Maintenance Manager

Maintenance planning is usually performed manually in the railway sector. Planners need to schedule a large number of activities by considering multiple constraints (related to the availability of personnel, inventory, and specialized equipment). Moreover, maintenance activities must be synchronized with the regular operations of the rolling stock. Such a planning process is very complex. Creating even a feasible plan, by hand, is time consuming and ineffective. Sub-optimal scheduling decisions not only increase the maintenance cost substantially, but reduce the time in which rolling-stock units are operative. The focus of this project has been on developing new optimization algorithms that can support the planning process. With them, planners can get suggestions on when to schedule each maintenance activity, such that resources at the workshop are utilized as efficiently as possible. Activities can be suggested to be executed earlier than required if it allows the workshop to streamline its operations. This allows not only to decrease workload peaks and idle times, but to increase the throughput of rolling stock. This project, supported by the research performed by SINTEF, has allowed us to prototype an optimization-based tool for maintenance planning. This tool will help us, and our customers, to reduce the maintenance costs and provide a better and more reliable service. These efforts, altogether, will provide us with a significant advantage over our competitors. The prototype has been tested and improved in the final period of the project. The planners using the tool have lauded the user interface for its user friendliness and ability to support their work flow.

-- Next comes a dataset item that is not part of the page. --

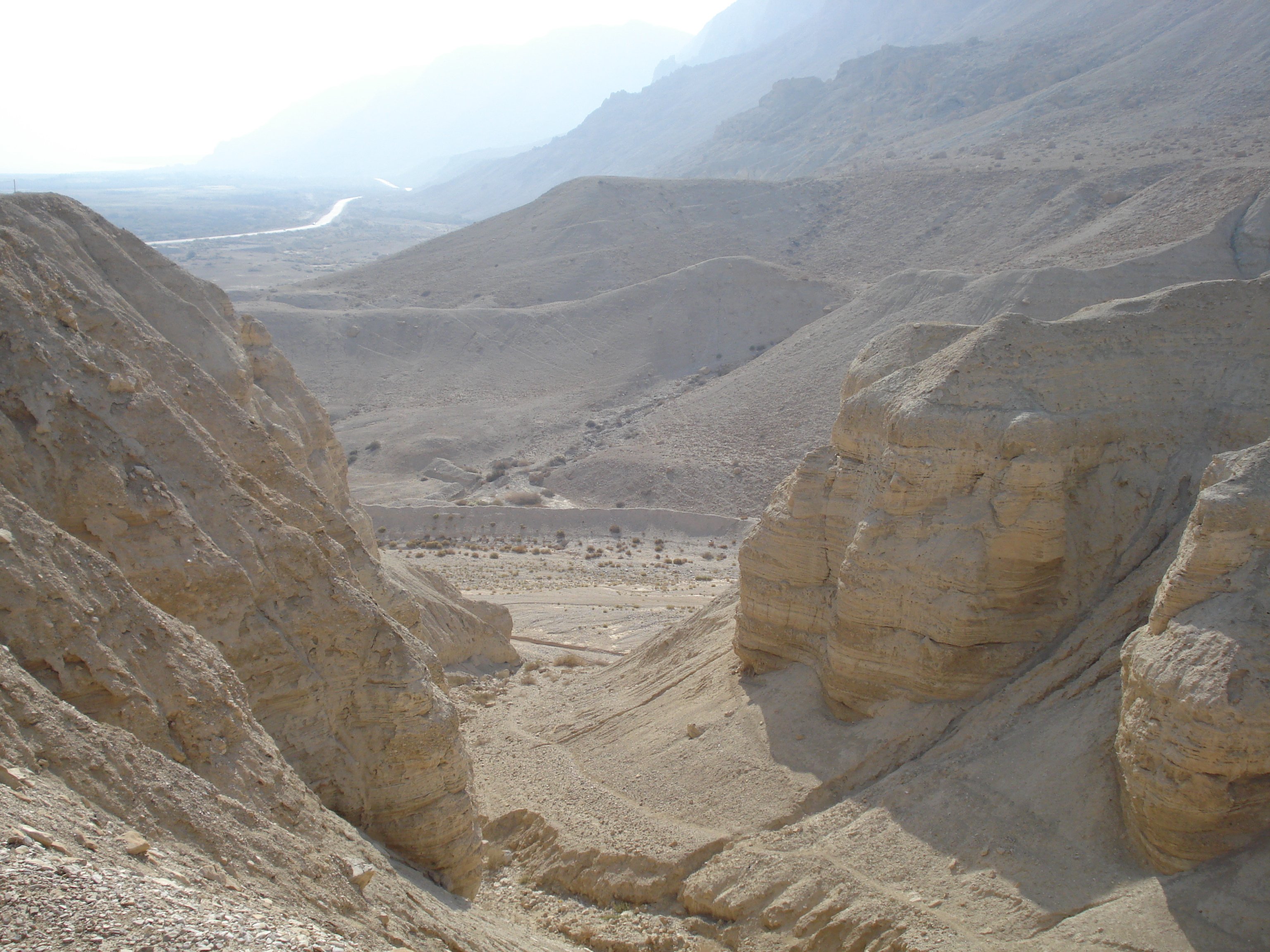 December 2009 in Jordan & Israel tourist sites

They found that the tool produces good maintenance schedules requiring much less effort from them than before.

The most significant outcome of MainMan is the prototype of a novel tool for scheduling the arrivals and operations of trains at a maintenance depot-workshop. Once implemented in an industrial tool, it will lead to several improvements both in maintenance processes and for the railway system and the society. Maintenance Process: 1. The planners will increase their efficiency and have an estimated reduction of current workload of 75%. 2. Re-planning becomes feasible, i.e. last day adjustments due to unexpected changes 3. The logistic department will be able to better supply components and identify lack of parts at early stages 4. The production increase can be estimated in the range 10% to 20% Railway System and society: More punctual and precise maintenance scheduling will improve 1. system punctuality, with benefits for passengers and society 2. usage of rolling stock, reducing the number of circulating trains and so global costs and impact on the environment

Currently, maintenance planning in the railroad domain is predominantly done manually and involves: Crew scheduling (assigning maintenance tasks to crews dependent on skill set) and job shop scheduling (assign time slots for rail vehicles to certain depot workstations). These activities should be synchronised and coordinated with rail vehicles revenue generating activity (where the vehicles are scheduled to transporting goods or passengers). Individually, these three planning tasks are very complex. Finding a manual solution is time consuming and highly inefficient. Due to the substantial fixed costs involved, inefficient solutions are very costly. Few tools exist to assist in these planning task, they normally focus on myopic parts of the overall problem and solve the planning problems independently and then merge them-thereby losing the global perspective needed to get the efficiency level needed. Individually, these different planning problems have been well studied in the optimisation literature and other industries optimisation based planning tools frequently. E.g. optimisation tools for airplane maintenance has been successfully used for decades. It is time to learn from other industries and apply optimisation techniques to increase the efficiency in railroad maintenance. MainMan will give us the research from SINTEF Optimisation, to create an optimisation based maintenance planning engine, that can solve these interconnected planning problems simultaneously while respecting the shared and limited resources. To us and our customers in the project (NSB, Flytoget and CargoNet), this will reduced costs and lead to a better and more reliable service. Partly due to more efficient crew and maintenance task planning. By considering railroad vehicles seasonal peaks we might reduced the total number of vehicles our customers needs to carry out their commitments. Altogether these efforts will give us a significant competitive advantage towards our competitors.